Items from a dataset
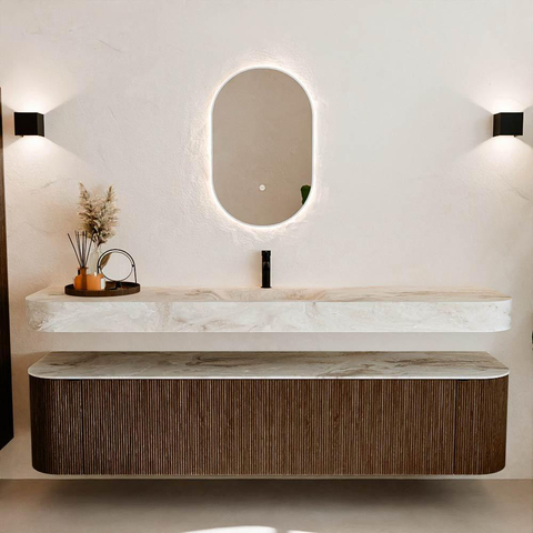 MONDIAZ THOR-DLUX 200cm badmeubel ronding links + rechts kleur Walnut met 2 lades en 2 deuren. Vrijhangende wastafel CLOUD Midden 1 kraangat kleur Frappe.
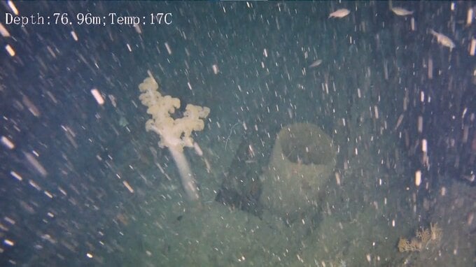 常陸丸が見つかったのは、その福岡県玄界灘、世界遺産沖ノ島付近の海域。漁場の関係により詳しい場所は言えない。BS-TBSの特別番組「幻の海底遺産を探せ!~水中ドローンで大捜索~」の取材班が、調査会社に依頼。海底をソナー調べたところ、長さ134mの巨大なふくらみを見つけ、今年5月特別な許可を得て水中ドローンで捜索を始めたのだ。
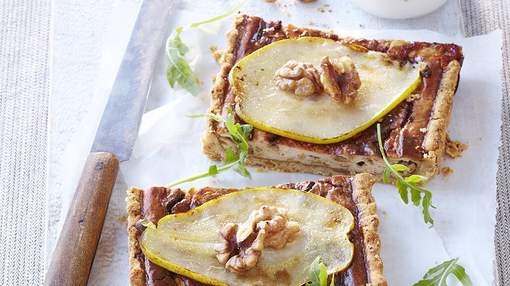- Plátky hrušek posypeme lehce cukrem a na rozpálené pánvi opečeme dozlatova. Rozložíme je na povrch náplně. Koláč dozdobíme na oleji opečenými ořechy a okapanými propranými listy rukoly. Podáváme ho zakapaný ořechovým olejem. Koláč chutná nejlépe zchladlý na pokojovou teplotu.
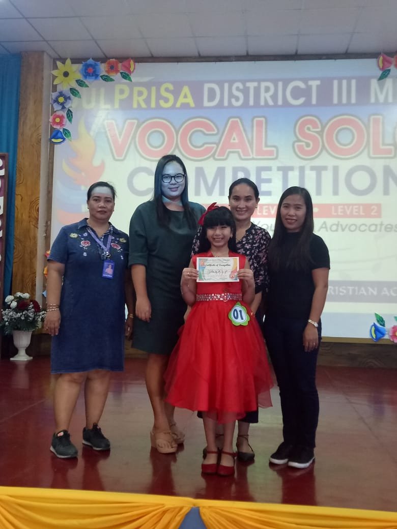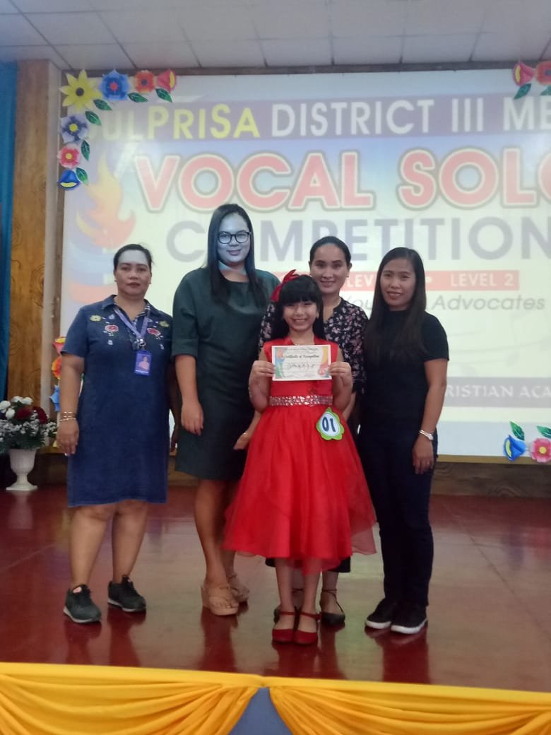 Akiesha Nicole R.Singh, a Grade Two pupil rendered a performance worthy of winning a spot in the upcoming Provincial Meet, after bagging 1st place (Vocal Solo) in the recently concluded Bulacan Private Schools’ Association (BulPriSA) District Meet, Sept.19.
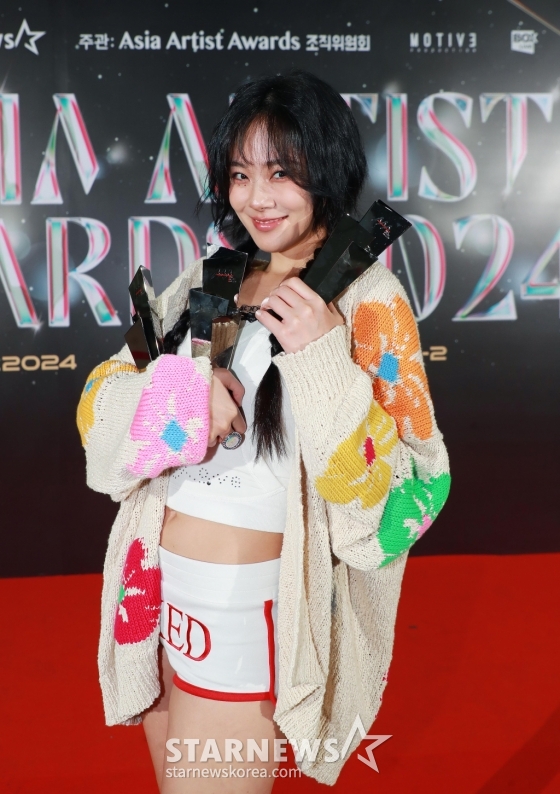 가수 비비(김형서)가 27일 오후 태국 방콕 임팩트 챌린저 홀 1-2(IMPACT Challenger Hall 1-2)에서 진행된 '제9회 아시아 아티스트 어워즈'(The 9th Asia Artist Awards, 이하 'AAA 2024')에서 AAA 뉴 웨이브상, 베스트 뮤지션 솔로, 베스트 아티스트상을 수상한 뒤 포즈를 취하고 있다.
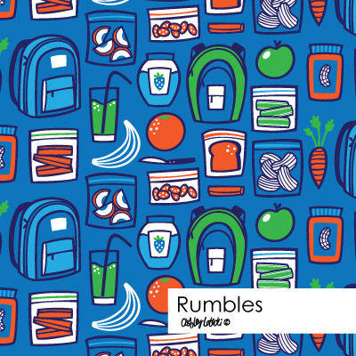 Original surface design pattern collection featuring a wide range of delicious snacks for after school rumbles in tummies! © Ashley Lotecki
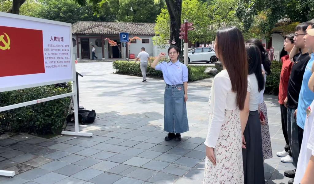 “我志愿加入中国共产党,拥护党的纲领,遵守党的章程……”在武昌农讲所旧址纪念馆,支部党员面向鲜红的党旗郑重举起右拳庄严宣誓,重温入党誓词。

▸ **ACTIVITY**:
Transcribe every line in the entries above, taking out only the images.

▸ **PROBLEM SOLUTION**:
 MONDIAZ THOR-DLUX 200cm badmeubel ronding links + rechts kleur Walnut met 2 lades en 2 deuren. Vrijhangende wastafel CLOUD Midden 1 kraangat kleur Frappe.
 常陸丸が見つかったのは、その福岡県玄界灘、世界遺産沖ノ島付近の海域。漁場の関係により詳しい場所は言えない。BS-TBSの特別番組「幻の海底遺産を探せ!~水中ドローンで大捜索~」の取材班が、調査会社に依頼。海底をソナー調べたところ、長さ134mの巨大なふくらみを見つけ、今年5月特別な許可を得て水中ドローンで捜索を始めたのだ。
- Plátky hrušek posypeme lehce cukrem a na rozpálené pánvi opečeme dozlatova. Rozložíme je na povrch náplně. Koláč dozdobíme na oleji opečenými ořechy a okapanými propranými listy rukoly. Podáváme ho zakapaný ořechovým olejem. Koláč chutná nejlépe zchladlý na pokojovou teplotu.
 Akiesha Nicole R.Singh, a Grade Two pupil rendered a performance worthy of winning a spot in the upcoming Provincial Meet, after bagging 1st place (Vocal Solo) in the recently concluded Bulacan Private Schools’ Association (BulPriSA) District Meet, Sept.19.
 가수 비비(김형서)가 27일 오후 태국 방콕 임팩트 챌린저 홀 1-2(IMPACT Challenger Hall 1-2)에서 진행된 '제9회 아시아 아티스트 어워즈'(The 9th Asia Artist Awards, 이하 'AAA 2024')에서 AAA 뉴 웨이브상, 베스트 뮤지션 솔로, 베스트 아티스트상을 수상한 뒤 포즈를 취하고 있다.
 Original surface design pattern collection featuring a wide range of delicious snacks for after school rumbles in tummies! © Ashley Lotecki
 “我志愿加入中国共产党,拥护党的纲领,遵守党的章程……”在武昌农讲所旧址纪念馆,支部党员面向鲜红的党旗郑重举起右拳庄严宣誓,重温入党誓词。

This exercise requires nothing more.